Analysis of virtual memory

I haven't updated my blog for a long time, and I 've been confused by the virtual memory recently. I 've been turning to Google for almost half a month and trying to get a clue, but I don't know much about the basic knowledge, let's look at what virtual space is. This article focuses on the analysis of virtual space occupied by a process.

First look at top

Top-18:34:57 up 4 days, 4 Users, load average: 0.00, 0.00, 0.00
Task: 114 total, 1 running, 113 sleeping, 0 stopped, 0 zombie
CPU (s): 0.2% us, 0.2% Sy, 0.0% Ni, 99.7% ID, 0.0% wa, 0.0% hi, 0.0% Si, 0.0% St
Mem: 4051424 k total, 3612920 K used, 438504 K free, 200040 K Buffers
Swap: 8385920 k total, 0 K used, 8385920 K free, 3114324 K cached

Here we will focus on swap. When the physical memory space is insufficient, the content of the virtual space of the process will be placed in the SWAp partition on the hard disk,

[Root @ web-dev-146 ~] # Cat/proc/SWAPs
Filename type size used priority
/Dev/sda3 partition 8385920 0-2

It is obvious that 8 GB is divided into hard disk partitions to store process virtual space content data.

For Shared Memory ing, the page missing exception handler first searches for the target page in the SWAp cache (the physical page that conforms to address_space and offset). If it is found, the address is directly returned. If it is not found, determines whether the page is in the SWAp area. If the page is in, perform a swap operation. If neither of the above conditions is met, the handler allocates a new physical page, and insert it into the page cache. The process will eventually update the process page table.

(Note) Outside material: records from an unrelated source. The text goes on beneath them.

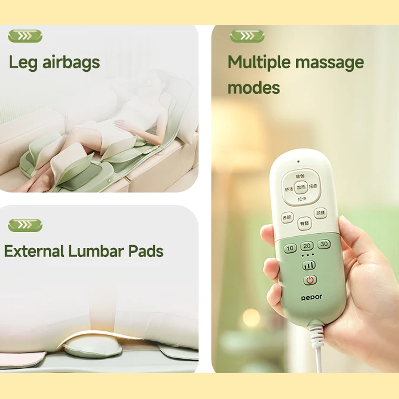 Repor RP-U9MAX is a portable full body air pressure massage mattress with automatic airbags.
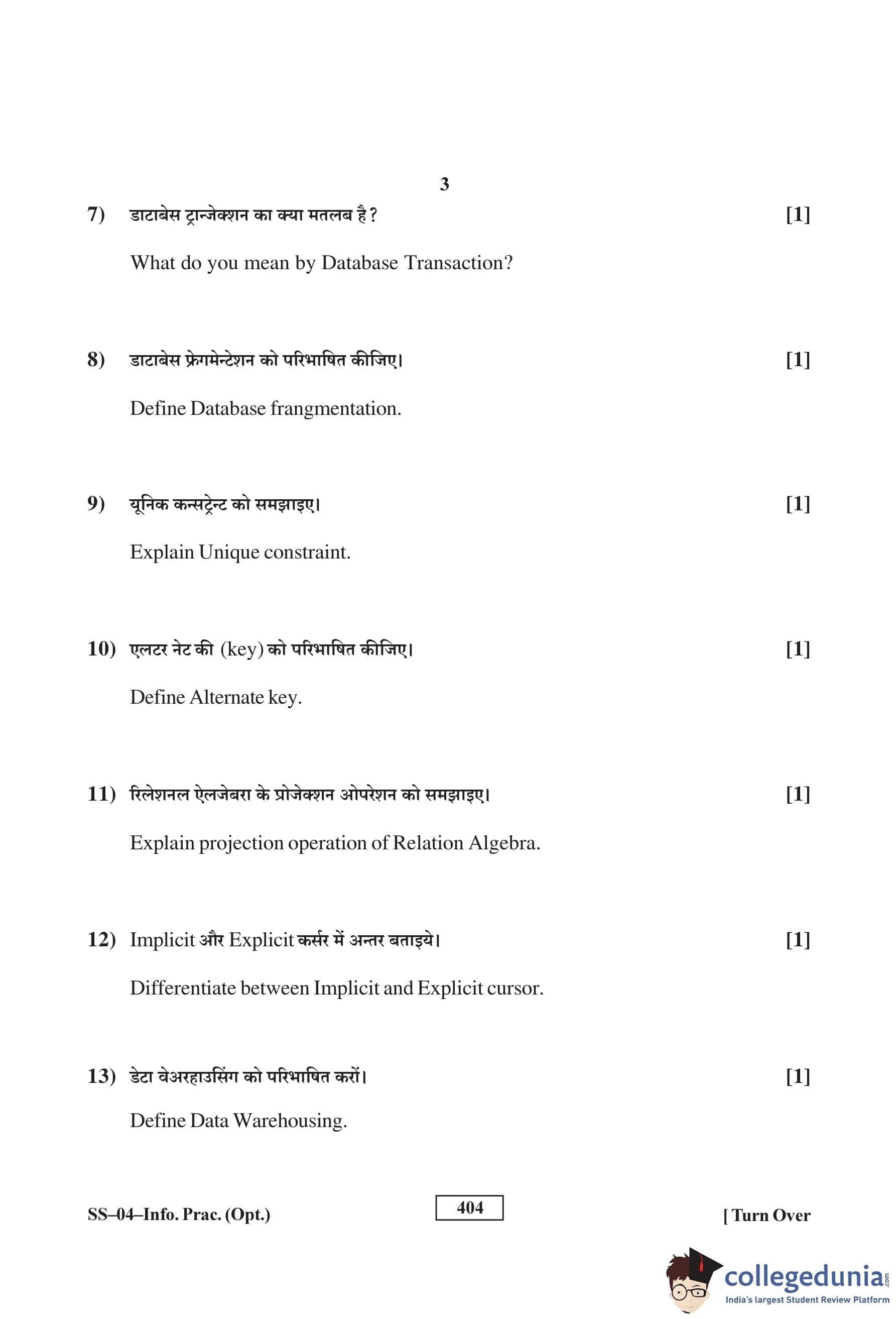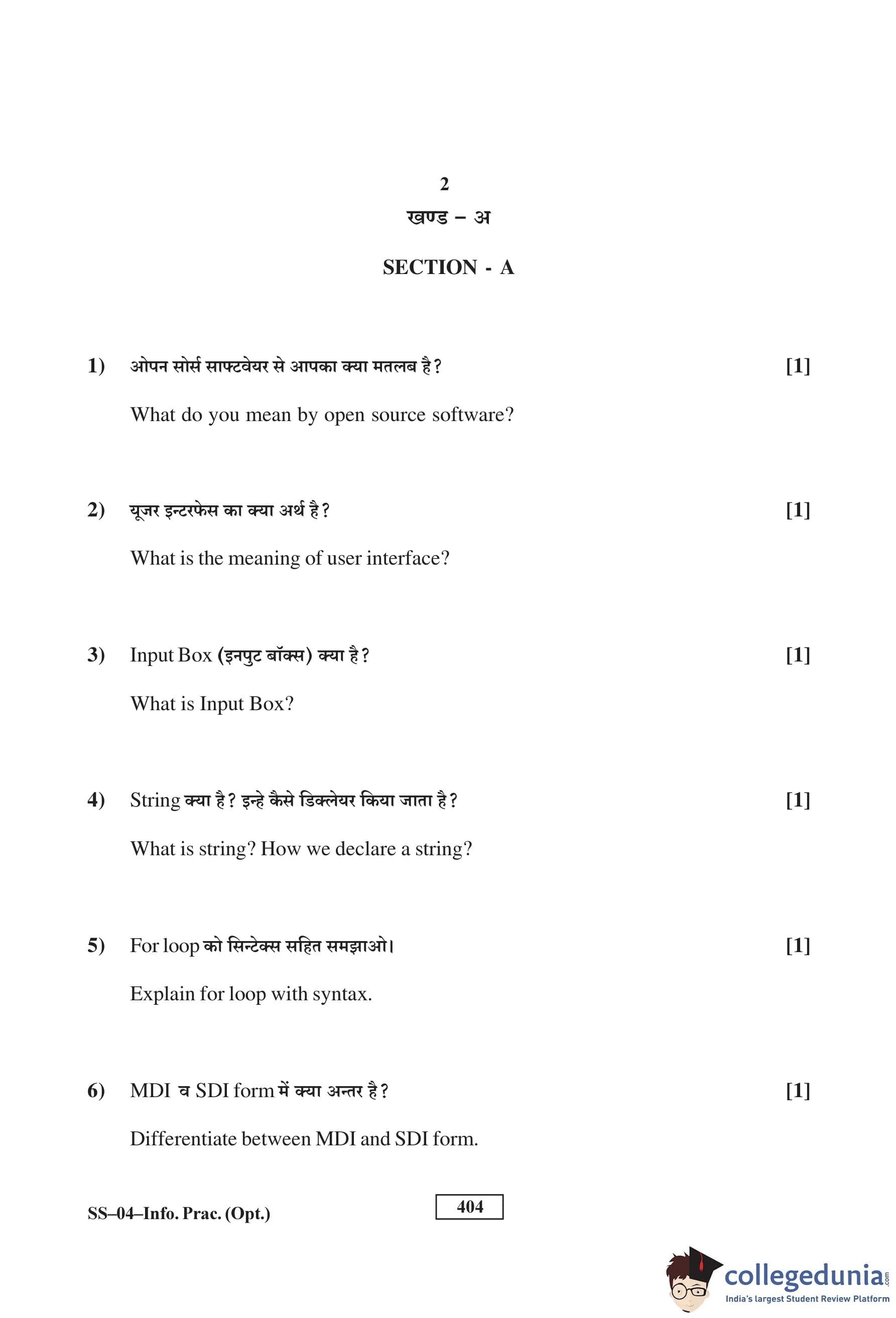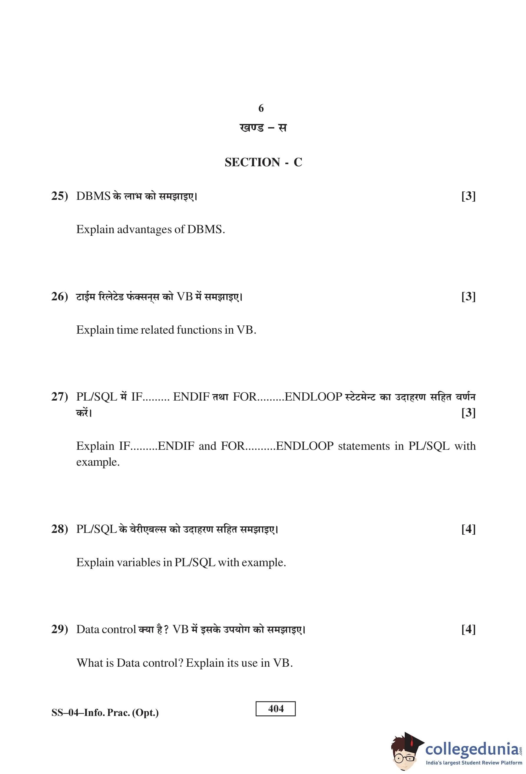 RBSE Class 12 Informatics Practises Question Paper 2016 with Answer Key pdf is available for download here. The exam was conducted by Board of Secondary Education Rajasthan (BSER) on March 4, 2016 in the Morning Session 8:30 AM to 11:45 AM. The question paper comprised a total of 30 questions divided among 3 sections.
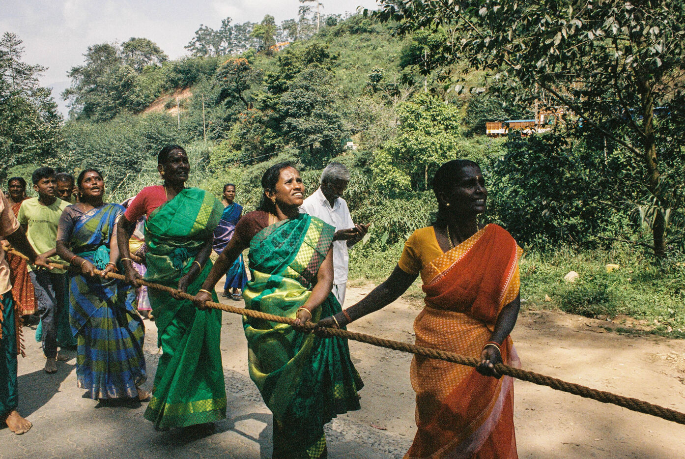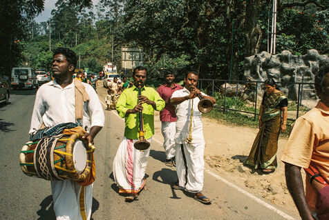 Hindu parade on the hills of Munnar, next to tea plantations in Kerala.

We will analyze the role of swap cache through the instance later.

The size in SWAp cached is

Free

Total used free shared buffers cached
Mem: 4051424 3613052 438372 0 200072 3114368
-/+ Buffers/cache: 298612 3752812
Swap: 8385920 0 8385920

It indicates that reading files occupies such a large amount of physical space and is used to cache opened files.

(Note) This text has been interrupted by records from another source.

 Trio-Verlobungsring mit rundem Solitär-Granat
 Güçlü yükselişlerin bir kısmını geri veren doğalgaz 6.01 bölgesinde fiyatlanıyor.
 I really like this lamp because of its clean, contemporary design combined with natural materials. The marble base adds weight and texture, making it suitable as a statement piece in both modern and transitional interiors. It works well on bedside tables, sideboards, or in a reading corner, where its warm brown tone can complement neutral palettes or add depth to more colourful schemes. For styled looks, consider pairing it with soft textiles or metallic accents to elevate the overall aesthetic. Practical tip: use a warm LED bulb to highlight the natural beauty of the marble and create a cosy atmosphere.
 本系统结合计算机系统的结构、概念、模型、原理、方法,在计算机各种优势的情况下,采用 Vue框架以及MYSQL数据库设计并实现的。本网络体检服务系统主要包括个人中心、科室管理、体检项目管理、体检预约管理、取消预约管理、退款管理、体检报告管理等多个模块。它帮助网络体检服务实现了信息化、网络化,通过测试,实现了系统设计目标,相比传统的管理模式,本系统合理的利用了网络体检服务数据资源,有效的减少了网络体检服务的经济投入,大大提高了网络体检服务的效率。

There is no need to release the operating system from the cache as much memory as needed, so you don't have to worry about it, however, through our example, we can see that swap cache is growing because we use file ing and read the file content.

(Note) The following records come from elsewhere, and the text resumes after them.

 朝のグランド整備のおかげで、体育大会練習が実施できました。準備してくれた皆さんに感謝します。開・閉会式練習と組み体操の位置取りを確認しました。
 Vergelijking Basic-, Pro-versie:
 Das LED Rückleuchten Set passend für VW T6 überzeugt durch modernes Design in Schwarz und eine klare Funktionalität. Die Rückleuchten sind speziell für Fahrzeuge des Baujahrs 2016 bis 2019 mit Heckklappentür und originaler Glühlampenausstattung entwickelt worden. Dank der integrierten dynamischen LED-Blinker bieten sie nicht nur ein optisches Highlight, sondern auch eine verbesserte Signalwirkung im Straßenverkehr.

You can manually release it through Echo 3>/proc/sys/Vm/drop_caches

Write a C program

# Include <sys/types. h>
# Include <sys/STAT. h>
# Include <fcntl. h>
# Include <stdio. h>
# Include <unistd. h>
# Include <sys/Mman. h>

Int main ()
{
Int FD;
Int I;
If (FD = open ("/home/MongoDB/shard200/fs_media_recommend.8", o_rdwr | o_creat, s_irwxu) <0 ){
Printf ("open file wrong! ");
Return 0;
}

Struct stat file_stat;
If (fstat (FD, & file_stat) <0)
{
Printf ("fstat wrong ");
Return 0;
}

Int * start_fp;
If (maid = (int *) MMAP (null, 2146435072, prot_read | prot_write, map_shared, FD, 0) = map_failed)
{
Printf ("MMAP wrong ");
Return 0;

}
For (I = 0; I <10000000; I ++ ){
Printf ("% d \ n", start_fp [I]);
}
/* Msync (start_fp, file_stat.st_size, ms_async );

If (munmap (start_fp, file_stat.st_size) <0)
{
Printf ("munmap wrong ");
Return 0;
}*/
Sleep (100000 );
}

Here we use MMAP file ing, And we can analyze the virtual address information of the process for such a long time.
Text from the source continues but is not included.